The house was absolutely silent. Léonie walked slowly through the rooms with Bébé pattering uncertainly at her heels, drawing the curtains carefully over each window and turning on lamps. She rearranged cushions on newly upholstered sofas and straightened stacks of books piled on convenient tables, waiting for readers. She had hung the walls of the great salon with a transparent film of silver tissue, so fine that the silk weavers in Lyons had warned her against it. “It’s meant to be the train of some wonderful bridal gown, madame,” the man had said, shocked into disbelief when she told him she wanted hundreds of yards for her walls. “But, madame, it will disintegrate in a few years,” he’d protested.

“Then you shall weave me more,” she had said, dismissing his cries of dismay at the expense. And she had been right, she thought, pulling the silver cord that released the matching curtains, watching as they drifted in soft folds with the subtle glimmer of stars under a veil of fog. She had achieved her aim. The room was theatrical, a backdrop for a glittering cast of people that she would invite. The enormous carpet was a pale dove gray garlanded with flowers in such muted pastels that they looked submerged beneath some translucent rippling lake. The sofas and chairs were covered in heavy slubbed silks in cream and fawn, moonlit gray and charcoal, and the lamps and sconces were silver with pleated peach-colored shades designed to cast warm pools of light. She had arranged bouquets of pale flowers, choosing only those with a heavy scent so that one was aware of their texture and perfume rather than their individual beauty. Cabinets and
tables in rare woods displayed exquisite objects of porcelain and silver. Léonie sighed. Yes, the room was ready. All it needed was people.

She picked up Bébé and walked through the house to her bedroom, touching the immaculate cream-colored bedspread, running a hand across the champagne moiré walls, turning on the taps in her vast rose-colored bathroom, remembering the first time she’d taken a bath in a tub like this, at Caro’s.

It was no use pretending, she thought miserably as she curled up on the big bed. He wasn’t coming. She knew he was in Paris, she’d heard yesterday that he was in town, and she’d had the servants scurrying around making sure everything was in place, preparing a special dinner just for two, to be held in their own new small dining room, with candlelight and flowers. She had waited, eager to see him, waiting to hear his words of approval for their house, anxious to show him his study and the present she’d placed there, with its inscription. She had worn his favorite dress, the barbaric amethyst one that he’d chosen in Cannes with the belt that he had had copied in gold at Cartier.

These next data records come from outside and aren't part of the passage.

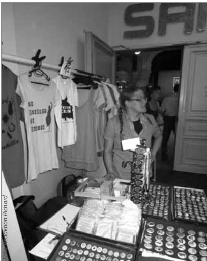
Shirts und Sticker: AHOJ! im Foyer des Heimathafen

Mode und Neukölln ist längst kein Gegensatzpaar mehr. 32 aus 50 Labels wurden von einer Jury ausgewählt, um sich beim zweiten Neu-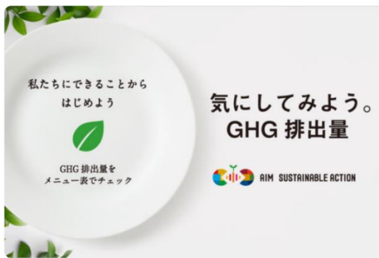
ポスターのイメージ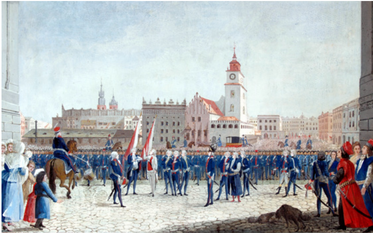
Przysięga Tadeusza Kościuszki na Rynku Krakowskim, mal. Michał Stachowicz, 1797, Muzeum Krakowa

realizował plan ocalenia Polski, podejmując działania polityczne w dwu płaszczyznach – polityce wewnętrznej oraz zagranicznej. Naczelnik był odpowiedzialny nie tylko za stronę militarną powstania, a więc stworzenie powstańczej armii i dowodzenie nią w walce, ale także za funkcjonowanie państwa. Kościuszko kierował się wymogami racji stanu walczącej Polski, był zwolennikiem poszukiwania kompromisu, unikał radykalnych działań. Był przeciwnikiem twardej ręki, radykalnych jakobińskich metod i rozprawy z królem. Uważał, że zdrajców należy karać zgodnie z prawem, odrzucał jednak samosądy i niekontrolowane wybuchy gniewu ludu. Starał się pozyskać dla sprawy polskiej poparcie ze strony całego ówczesnego społeczeństwa polskiego, zarówno warstw uprzywilejowanych, jak szlachta czy duchowieństwo, jak też najliczniejszej ale przy tym najbardziej upośledzonej – chłopstwa. Kwestię tę w powstaniu miał rozwiązać wydany przez Kościuszkę, 7 maja 1794 r. „Uniwersał połaniecki”. Dokument ten wprowadził wolność osobistą chłopów, którzy tworzyli większość społeczeństwa. Ponadto zapewniał im nieusuwalność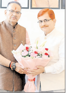
■ कृषि मंत्री ने नई जिम्मेदारियों के लिए दी शुभकामनाएं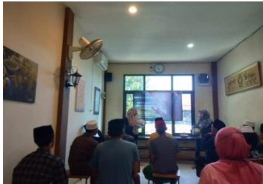
Gambar 1. Kegiatan PKM

Kegiatan ini dibantu oleh mahasiswa yang sedang melaksanakan KKN di kelurahan Sidosermo (Gambar 1). Pembentukan kelompok belajar ini dilaksanakan secara terbimbing oleh mahasiswa. Pelibatan orang tua anak dan karang taruna juga dimaksimalakan dalam kegiatan ini. Salah satu tujuannya untuk agar terdapat keberlanjutan kegiatan kelompok belajar anak di Kelurahan Sidosermo. (Astuti et al. , 2018) Setelah selesai kegiatan ini, maka kegiatan belajar dengan memaksimalkan teknologi informasi tetap berlanjut dengan pembimbingan orang tua dan karang taruna di kelurahan sidosermo.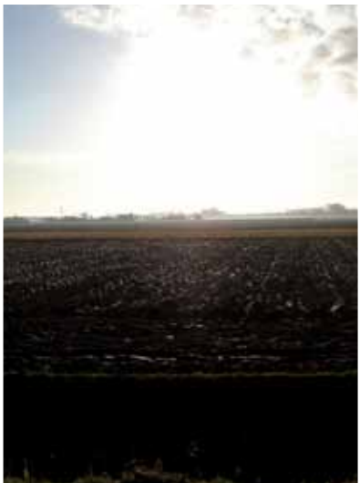
Lege akker na oogsttijd

In protestantse kerken wordt soms een creatief oogststuk gemaakt dat bestaat uit groenten als boerenkool, uien, spruiten, pompoenen en diverse bloemen zoals chrysanten en gedroogde hortensia's. Traditioneel worden er onder het motto 'bid én werk' materialen als kleding, dekens, voedsel en speelgoed ingezameld voor Oost-Europa.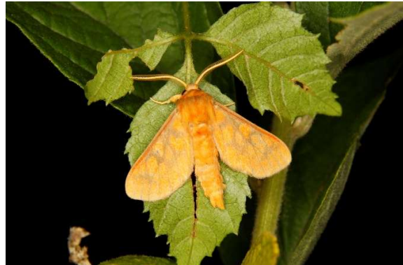
Rhipidarctia paraclecta (niedźwiedziówka)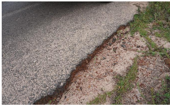
สภาพพื้นผิวถนนที่ชำรุดเสียหาย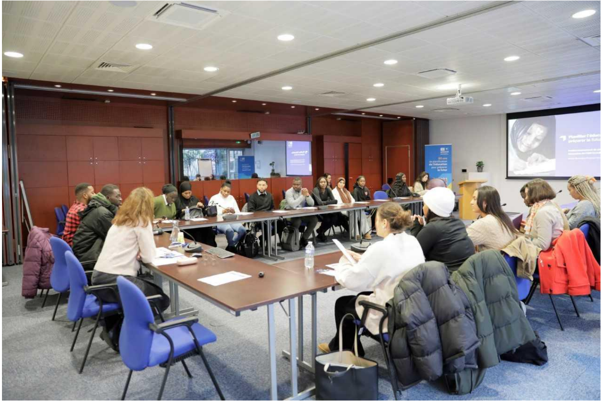
Rencontres, échanges et séances de travail à l'Institut International de Planification de l'Unesco (IIEP).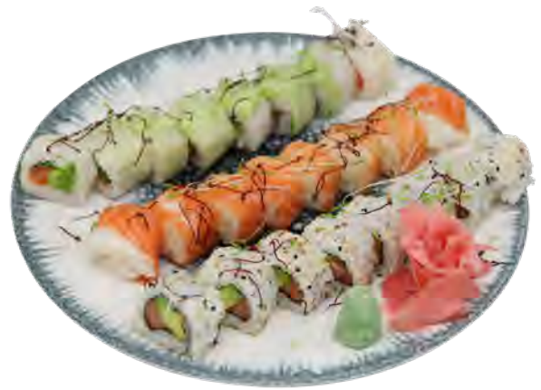
K2 18,90€ 8 printemps roll saumon avcoat, 8 california saumon avcoat, 8 saumon roll cheese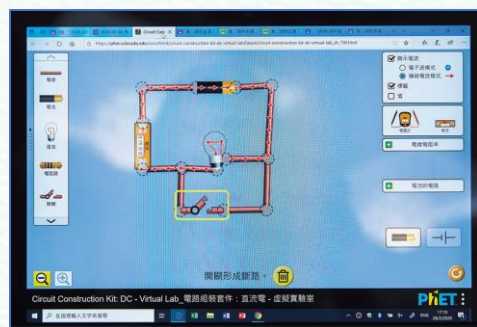
▲ 同學應用網上的模擬程式加深理解科學概念。

整體而言，本校落實「停課不停學」策略，通過網上課堂開展學與教，在確保師生健康及安全的前提下，幫助學生更好地學習，適應在線學習的模式，提供高質量的教學。

She’d brushed her long hair, flinging it back to float loosely so that he might run his hands through it and grip it, pulling back her head to kiss her. And she had had the Roederer Cristal champagne iced and ready.

He hadn’t come. She had waited all night. And then all morning and afternoon. And then she’d sent the servants away, telling them to take the next few days off, that she would pay them anyway. She was only glad that Maroc was not yet there to witness her humiliation.

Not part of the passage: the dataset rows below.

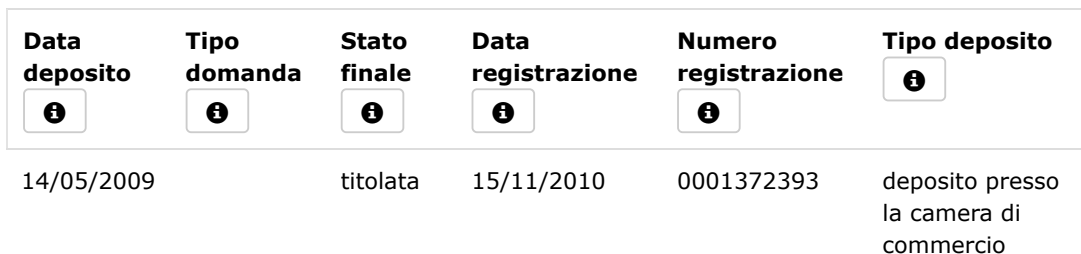
IMMAGINE NON DISPONIBILE

Informazioni identificative della domanda di marchio d'impresa numero 302009901732168 presentata il 14/05/2009 ( RM2009C002887 )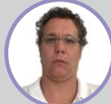
Dir. Promoções e Eventos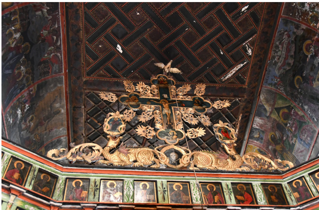
4. Венчилка на иконостаса на църквата „Св. Димитър“ в с. Тешово, Гоцеделчевско

Според легендата става дума за Кръста на Разпятието като символ на космическото дърво в няколко негови превъплъщения. На първо място, старото езическо космическо дърво със змията змей, обвита около него, представено в християнския текст, е изсъхнало. При третия поглед на Сет в клоните на дървото вече е роден младият християнски Бог – Спасителят на човечеството, което като типология се свързва с космическото дърво като обиталище на бога от езическите религии на народите от Древния изток и Източното Средиземноморие. Дървесните корени пък стигат до ада. По този начин дървото определя триделността на космическото пространство по вертикалата (Иванов, Топоров 1974).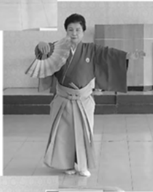
和歌 田子の浦ゆ 母の風雪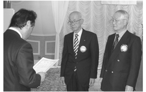
アイバンク協会認定サポーター講習会受講証伝達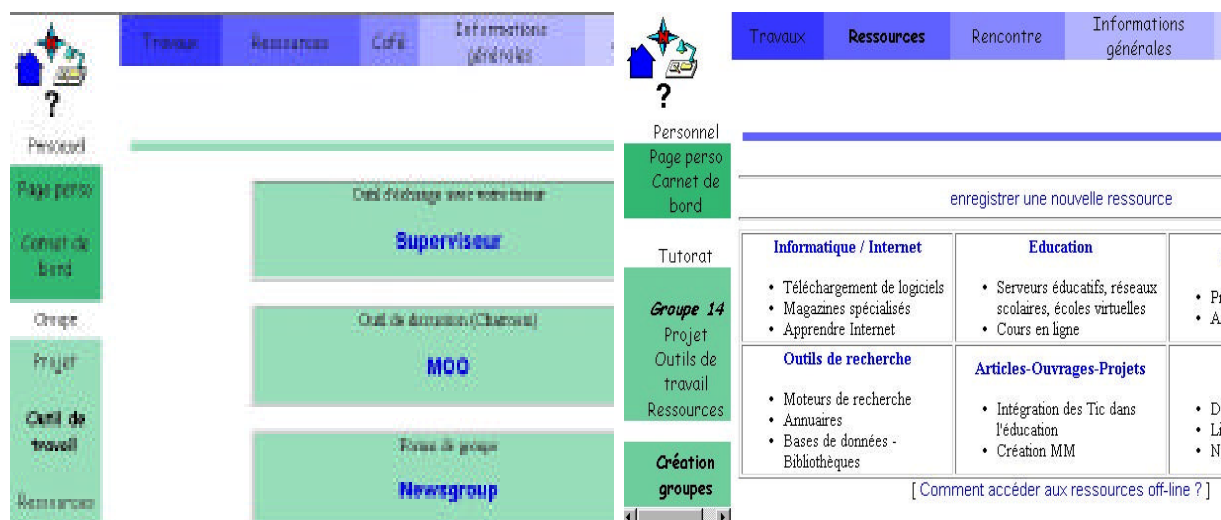
Figure 1 : L'espace de travail étudiants (outils de travail)

Nous voudrions ici nous centrer sur le design pédagogique du campus virtuel. Selon Peraya, Piguot et Joye [8], un campus virtuel est « un espace de travail virtuel, intégrant de multiples outils gérés dynamiquement, organisé conceptuellement et structurellement à partir de la métaphore du campus ». L'organisation de l'espace du campus LEARN-NETT présente deux dimensions différentes. La première concerne la distinction entre trois espaces destinés à des publics différents : public, étudiant et organisateur. Ces trois espaces se présentent sous la forme d'un bureau virtuel et constituent les mondes autonomes du campus. La deuxième dimension est celle de l'interface qui est identique pour tous les utilisateurs, mais dont les outils disponibles se différencient selon les espaces (Figures 1 et 2).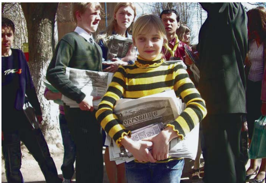
Во время полугодового совещания молодежь распространяла газету «Сокровище».

Прежде чем послать Своих учеников, а также всех нас, Иисус говорил, что будет нелегко. «Но вся власть, вся сила принадлежит Мне — посему идите, и Я буду с вами». Сколько времени Он будет с нами? До скончания века!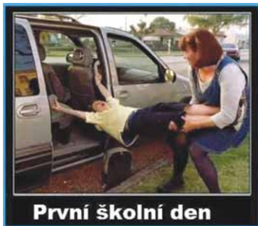
První školní den

V úterý 1. září začal nový školní rok 2015/2016 a my přejeme dětem a jejich rodičům mnoho radosti a úspěchů během celého školního roku, pedagogům hodně trpělivosti při jejich nelehké práci a prvňáčkům dobrý vstup do jejich nové životní etapy.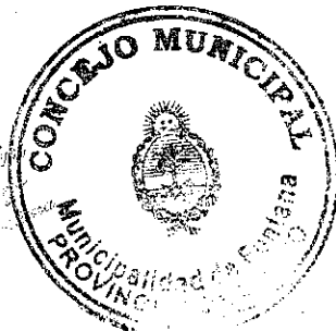
Rubén Osvaldo Avalos PRESIDENTE DEL CONCEJO Municipalidad de Fontana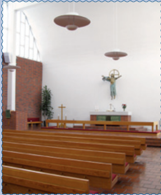
Karjasillan kirkko, Nokelantie 39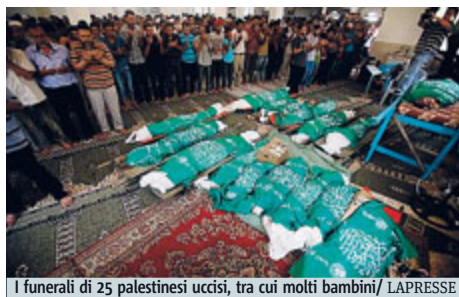
I funerali di 25 palestinesi uccisi, tra cui molti bambini

Fonti palestinesi hanno invece riferito che ieri in un raid israeliano su Rafah, sarebbero rimaste uc-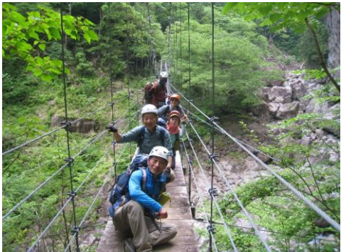
平等崙吊橋 (ああしんど)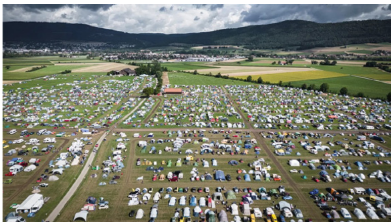
Figure 6 : 24 e Rencontre mondiale 2CV 27.07.2023

Une pétition de l'Aéro-club Bellevie en avril 1973 n'a pas plus de succès, malgré ses 43 signataires. 8 L'assemblée bourgeoise refuse (pour la 4 e fois) de louer une surface permettant de prolonger la piste et d'améliorer les conditions de vol en déplaçant une ligne électrique. On craint cette fois le bruit et une extension future.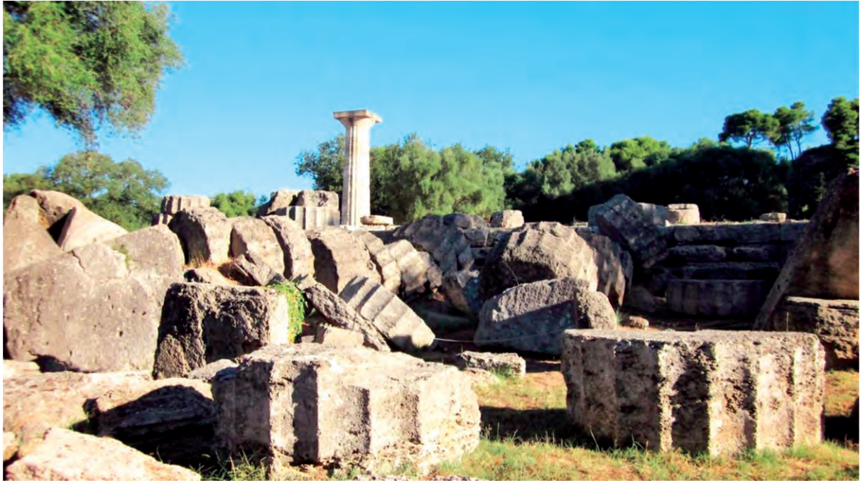
Ερείπια του αρχαίου ναού του Δία στην Ολυμπία

Γρηγόριος Ναζιανζηνός, Α' Κατὰ Ιουλιανού .

She was alone in the great house. Just she and Bébé, who watched her with eyes of love, comforting Léonie with her warmth. She ran the bathwater, throwing in a handful of fragrant salts, steaming the air with jasmine and green-growing scents, and then she lay back in the water with her hair floating around her and wondered again, what should she do?

He smelled the jasmine as he came up the stairs, stopping with a shock of recognition as he remembered the boy hiding behind his mother’s dressing room door. Putting the parcels he was carrying carefully on the bed, he walked to the bathroom door. Bébé stared at him from the chair but didn’t move. Léonie was stretched out in the tub, her eyes closed. She hadn’t heard his step on the soft carpets. He closed the door and went back into the other room,
glancing at the silken hangings with a smile. He opened the large box and pulled out the fur, tossing it casually across the end of the bed. And on top of it he put the papers, scattering them equally casually over the bedspread. He went into his dressing room, inspecting the narrow iron campaign bed, the sort that had been used by generals on the march to battlefields—this one had the twin bees of Napoleon emblazoned at the head. He had stipulated that she must find him a bed like this, like the one he had at the house on the Ile Saint-Louis that had come from his father’s room. The walls were gray linen and the rug a caramel color. He liked its simplicity. She had understood what he needed.

Léonie wrapped a towel loosely around her and trailed, still wet, into her bedroom. Bébé trotted after her, leaping onto the bed sniffing cautiously at the fur, then curled up on it comfortably. Léonie stared at the bed, the fur, the papers. She picked one up. Securities, the envelope said. Putting it down, she lifted Bébé off the fur and touched it hesitantly. It was tawny and rich and infinitely soft. She ran, still holding it, into his room, trailing the towel and the fur, her wet hair shedding drops of water as she threw open the door. He was leaning against the window, arms folded, looking out into the night. He turned his head as he heard her.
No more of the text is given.